First, the abstract types:

abstract type Sampleable{P,X} end

abstract type Distribution{P,X} <: Sampleable{P,X} end 

Here P is the parameter space, and X is the type of the sample space. Critically, there are no constraints on either of these at the type level. If you want X to be something other than <: Real or <: Array, go for it. No problem.

P can be anything, but NamedTuples are especially convenient, because they make it easy to use different parameterizations. For example, a Gamma could look like this:

struct Gamma{P,X} <: Distribution{P,X}
    par :: P
    Gamma(nt::NamedTuple) = Gamma{typeof(nt), typeof(nt[1])}(nt)
end

Again, the types are very flexible. A Gamma over symbolic values, for example, is easy.

Passing a NamedTuple is a bit awkward, but that’s easily fixed with

Gamma(;kwargs...) = Gamma((;kwargs...))

We may also want a default parameterization without requiring names:

Gamma(k :: Real, θ :: Real) = Gamma(k=k, θ=θ)

logpdf then looks like this:

function logpdf(d::Gamma{P,X}, x::X) where {P <: NamedTuple{(:k,:θ)}, X <: Real}
    k = d.par.k; θ = d.par.θ
    (k - 1) * log(x) - x/θ - k * log(θ) - loggamma(k)
end

This is for a shape k and scale θ. Maybe we’d rather parameterize by a shape and rate? Ok:

function logpdf(d::Gamma{P,X}, x::X) where {P <: NamedTuple{(:α,:β)}, X <: Real}
    α = d.par.α; β = d.par.β
    (α - 1) * log(x) - β*x + α * log(β) - loggamma(α)
end

Or by a shape and a mean?

function logpdf(d::Gamma{P,X}, x::X) where {P <: NamedTuple{(:k,:μ)}, X <: Real}
    μ = d.par.μ; k = d.par.k
    α = k; β = k/μ
    (α - 1) * log(x) - β*x + α * log(β) - loggamma(α)
end

This is already much faster than Distributions (at least in part due to lack of inlining in the latter):

julia> @btime logpdf(Gamma(2.0,1.0),4.0)
  13.964 ns (0 allocations: 0 bytes)
-2.613705638880109

vs

julia> using Distributions

julia> @btime logpdf(Gamma(2.0,1.0),4.0)
  36.097 ns (0 allocations: 0 bytes)
-2.613705638880109

Some things to consider:

  • Lots of packages depend on Distributions.jl, and these breaking changes could take a while to be fully supported
  • Defining separate methods for each parameterization is a bit verbose, but there’s always the option to fall back on one canonical parameterization
  • Some aspects of this would probably need to be implemented using traits.
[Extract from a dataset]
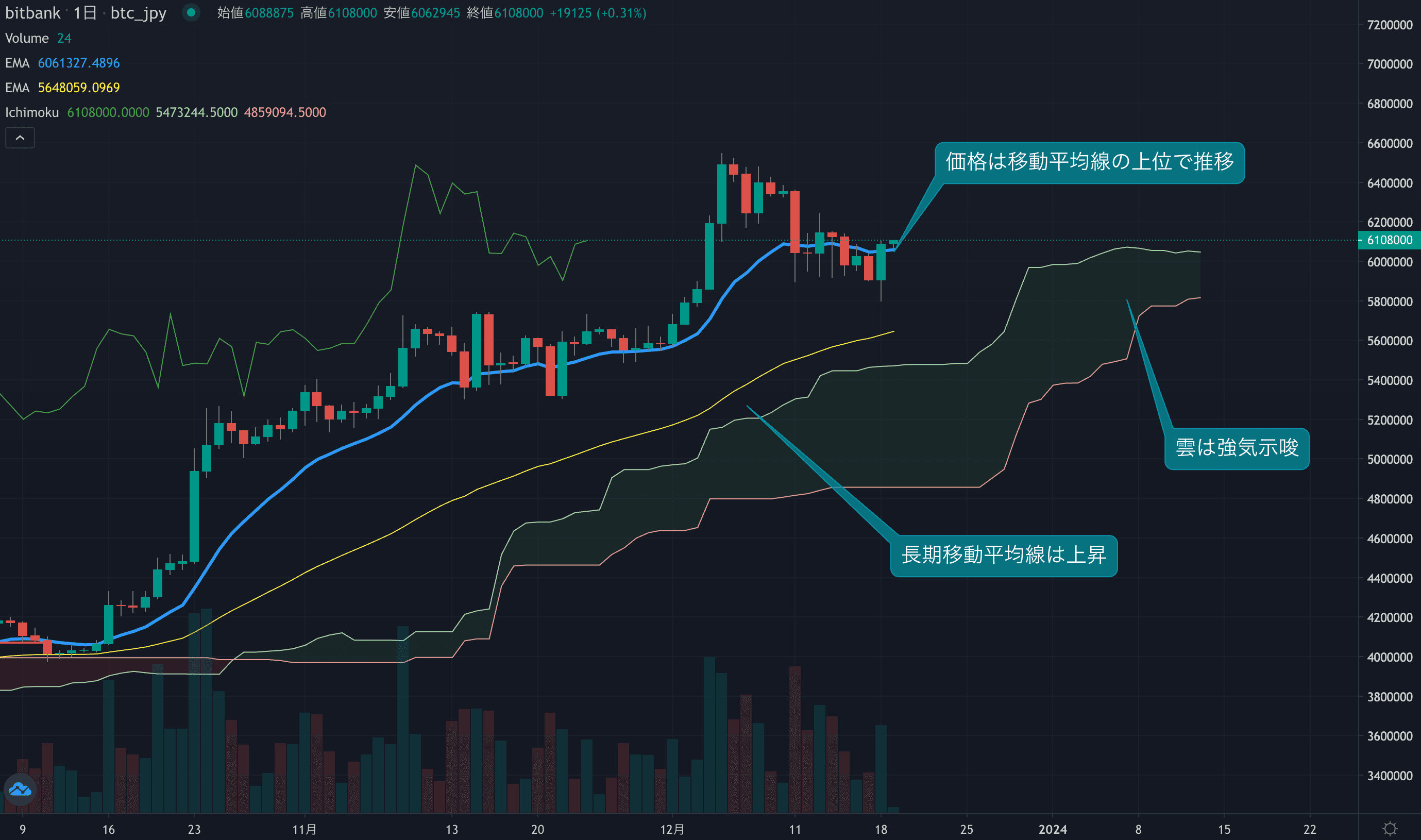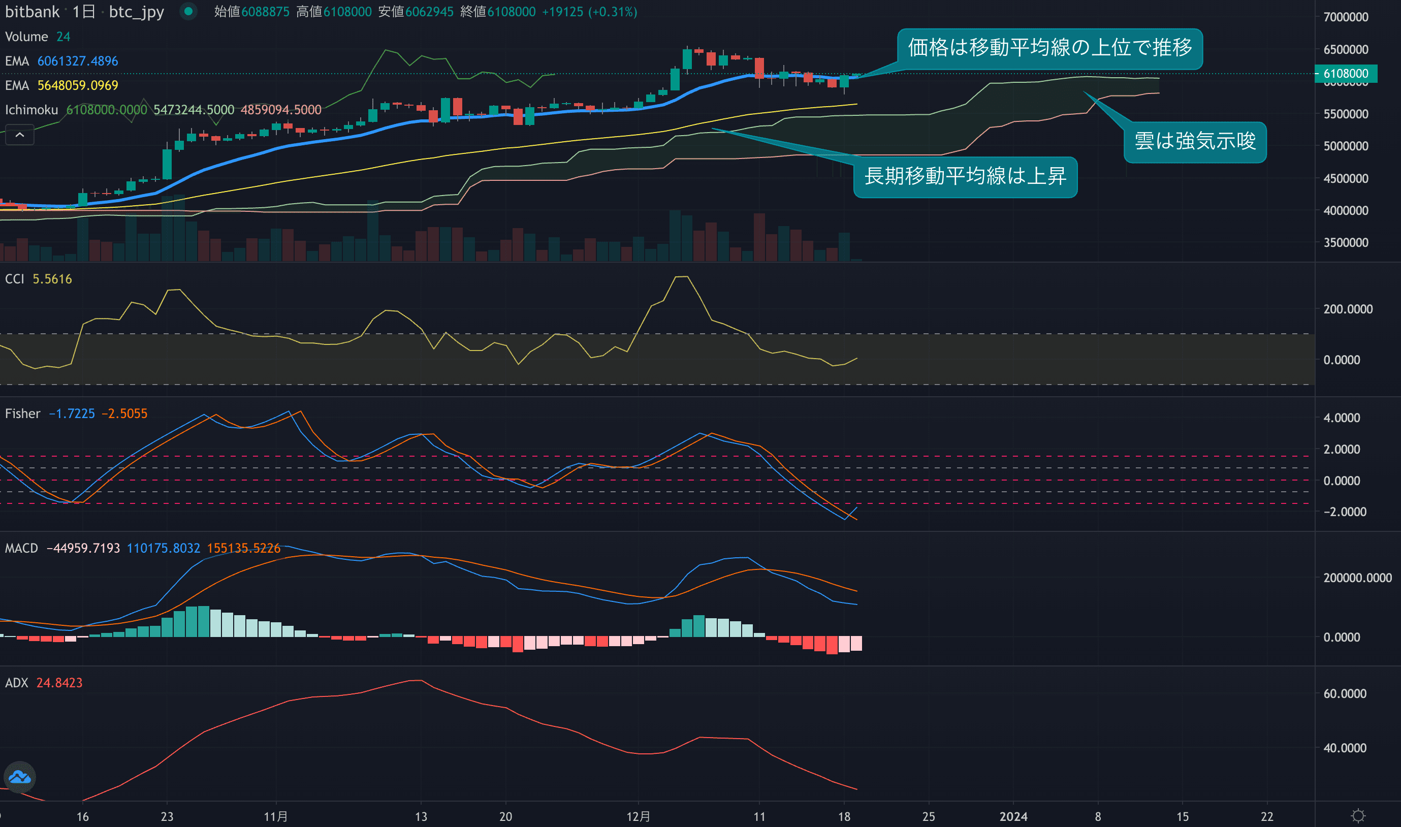 - 価格は14EMA(605.4万円)を上回り強気示唆です。53EMA(563.0万円)は上昇しており、長期トレンドも強気です。一目均衡表の雲は先行スパン1(605.4万円)が先行スパン2(581.0万円)を上回り強気示唆です。

But let’s not rush to that until it’s clearly the best approach
  • This approach specifies a parameterization in terms of the names for a NamedTuple. But there’s likely to be some contention exactly what those names should be, for example should we replace k and θ with shape and scale?
  • Fields in NamedTuples are ordered, which is a little troubling for this use case. There may be a clever way to dispatch according to the set of names, rather than the tuple itself
15 Likes

I like the feeling of this – it’s very unencumbered and I think it could be handy.
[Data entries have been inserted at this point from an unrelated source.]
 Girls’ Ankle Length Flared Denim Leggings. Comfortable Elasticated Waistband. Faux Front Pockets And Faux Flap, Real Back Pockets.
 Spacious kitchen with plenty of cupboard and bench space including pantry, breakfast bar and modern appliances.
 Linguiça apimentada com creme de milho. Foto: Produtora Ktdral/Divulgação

True. I think probably forking Distributions.jl into Distributions2.jl or whatever is better for the moment.

I think that’s fine – if you have some weird typing, I think it’s your responsibility to extend the methods as needed, and then the core package should just support the main methods.

I can’t really contribute to this point, unfortunately, since I’m kind of a trait yokel.

I’m fine with using the actual parameter names, as long as they are non-unicode and the docstring tells us what they are.

Why do we need to dispatch on parameter names and not the distribution type?

1 Like

That’s funny, “non-unicode” would be a little annoying to me :slight_smile:
μ and σ seem sensible to me. Easy enough to type, and very little screen clutter. But I don’t see any benefit to mu and sigma over mean and sd.

EDIT: Then again, with multiple parameterizations you’d get to use whatever you like! The problem comes when there are opportunities for inconsistency

It would be both; the names are part of the type. The problem is situations like

julia> logpdf(Gamma(k=2.0,θ=1.0),4.0)
-2.613705638880109

julia> logpdf(Gamma(θ=1.0,k=2.0),4.0)
ERROR: MethodError: no method matching logpdf(::Gamma{NamedTuple{(:θ, :k),Tuple{Float64,Float64}},Float64}, ::Float64)

Without multiple methods or some additional trick, you need to have the parameters in a prescribed order.

1 Like

That’s why I wrote KeywordDispatch.jl, but unfortunately I never got the time to finish off WIP: Add keyword constructors by simonbyrne · Pull Request #823 · JuliaStats/Distributions.jl · GitHub

4 Likes

It’s really more of an accessibility thing. Not all text editors come with the ability to quickly enter unicode characters. As much as I like writing unicode characters (and lots of my code is littered with them) I really don’t think that central packages should expose interfaces that require unicode – it’s costless for most of us who already use latex characters, but it is a nontrivial problem if you are brand new and have no idea how to type weird squiggly characters that aren’t on your keyboard. Plus, it makes describing code on GitHub issues slightly more complex than it needs to be, since the tooling you have to type unicode on GitHub may not be the same as in your editor.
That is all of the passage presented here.